Later that night, we make for Ventotene, known as the island che vento tiene (endowed with much wind). Its story is of curse and exile, with historical roots that run deep and close to Rome — and the rest of Europe. Called Pandataria (meaning “dispenser of all goods”) by the Greeks, Ventotene became a place of exile as early as imperial Roman times. Augustus shipped his daughter Julia here, following charges of adultery, then Nero expelled his wife Octavia to the island so he could be with his new mistress Poppea. In the fascist era, Ventotene’s remoteness made it a favoured site to imprison and torture anti-regime militants and dissidents, including the future Italian president Sandro Pertini. The circular Bourbon prison on the islet of Santo Stefano is open to visitors.
On Ventotene the air is surprisingly still. The narrow Roman port, with its ancient arches smoothed by centuries of wind, is packed with improvised dockings, double-parked sailboats and motorboats. Crew member and historian Diego tells us that while incarcerated, antifascist militants Altiero Spinelli and Ernesto Rossi wrote the Ventotene Manifesto, an outline for a democratic federation of Europe. “In Brussels you’ll find a [European parliament building] named after Altiero Spinelli,” he says. As we stroll back to the port, I notice a tiny square is called Piazza Europa — a sign of its cosmopolitan past.
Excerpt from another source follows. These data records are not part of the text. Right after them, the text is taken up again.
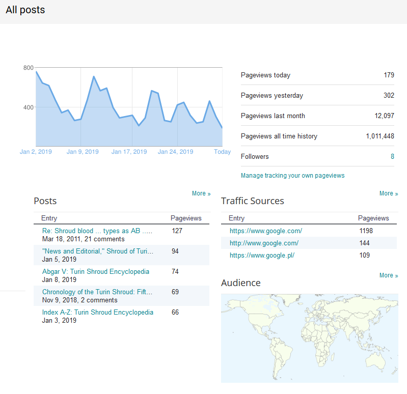 Google Analytics also gave the most viewed posts for the month (highest uppermost) as: "Re: Shroud blood ... types as AB ... aged blood always types as AB, so the significance of this ... is unclear," Mar 18, 2011 - 127; "`News and Editorial,' Shroud of Turin News, December 2018," Jan 5, 2019 - 94; "Abgar V: Turin Shroud Encyclopedia," Jan 8, 2019 - 74; "Chronology of the Turin Shroud: Fifteenth century (2)," Nov 9, 2018 - 69 and "Index A-Z: Turin Shroud Encyclopedia" - Jan 3, 2019 - 66.
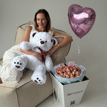 Букет роз+ МИШКА "Необыкновенная" 25 роз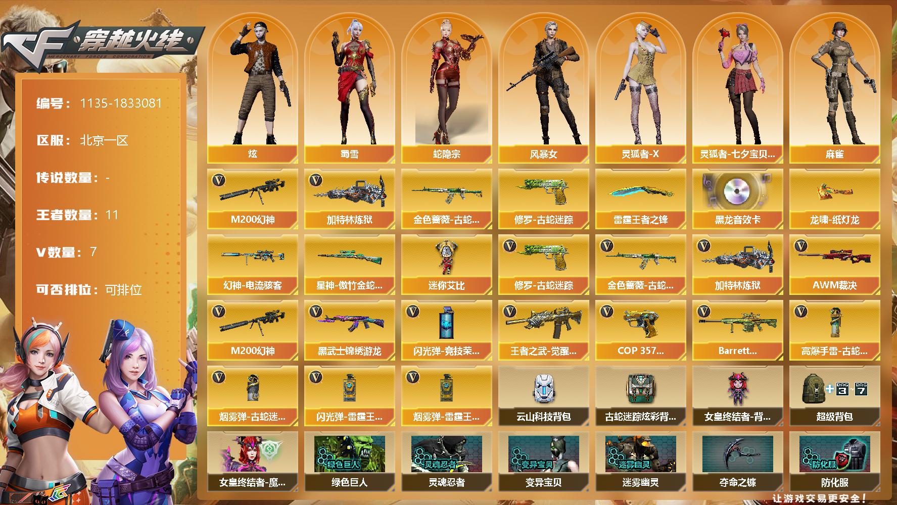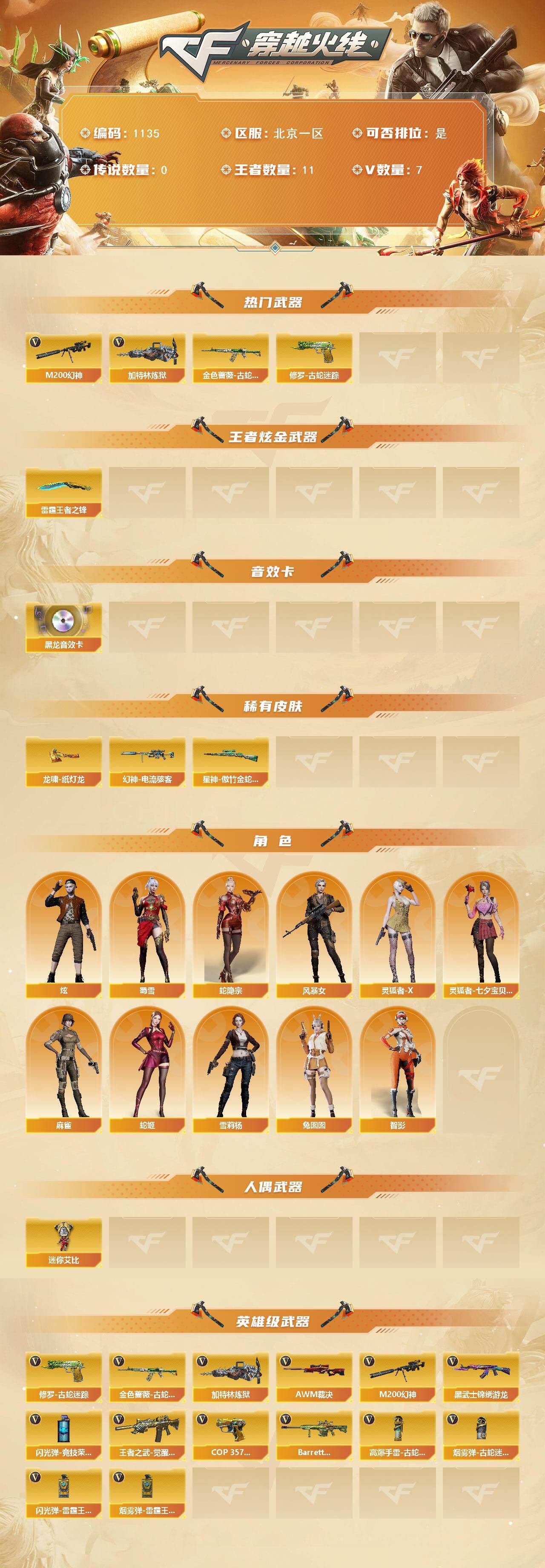 [14892412]北京一区-7V-11王者-0炫金 【热门武器】:M200-幻神,金色蔷薇-古蛇迷踪,修罗-古蛇迷踪,加特林-炼狱 【王者炫金武器】:雷霆王者之锋 【音效卡】:M4A1-黑龙音效卡 【皮肤】:幻神-电流骇客 皮肤,星神-傲竹金蛇 皮肤,龙啸-纸灯龙皮肤 【角色】:炫,蛇隐宗,风暴女,灵狐者-X,灵狐者-七夕宝贝,麻雀,蛇姬,蜀雪,兔囡囡,雪莉杨,智影 【人偶武器】:迷你艾比 【英雄级武器】:黑武

But of all the Pontines we explore, it is Palmarola that leaves us completely enamoured. With emerald water and an untouched hillside, the island is uninhabited (except for when the Fendi family use their holiday home there). As we moor up, we see a sea stack, the Faraglione di San Silverio, named after the sixth-century saint who legend says once lived there. We climb its steep steps to visit the little chapel on the top and take in a spectacular 360-degree view. Across the bay and next to a handful of old fishermen’s huts is the island’s only restaurant, O’ Francese, which has been serving Italian seafood dishes such as spaghetti allo scoglio and fritto misto to visitors since 1958.
On our last morning on Palmarola, we splash around in Cala Brigantina before exploring a gargantuan holed grotto, the Faraglione di Mezzogiorno. As I dive into the water one last time, I muse on the rich appeal of these islands: millennia-old, sung by poets, inspiration to philosophers and thinkers, home to fishermen and a magical destination for amateur sailors.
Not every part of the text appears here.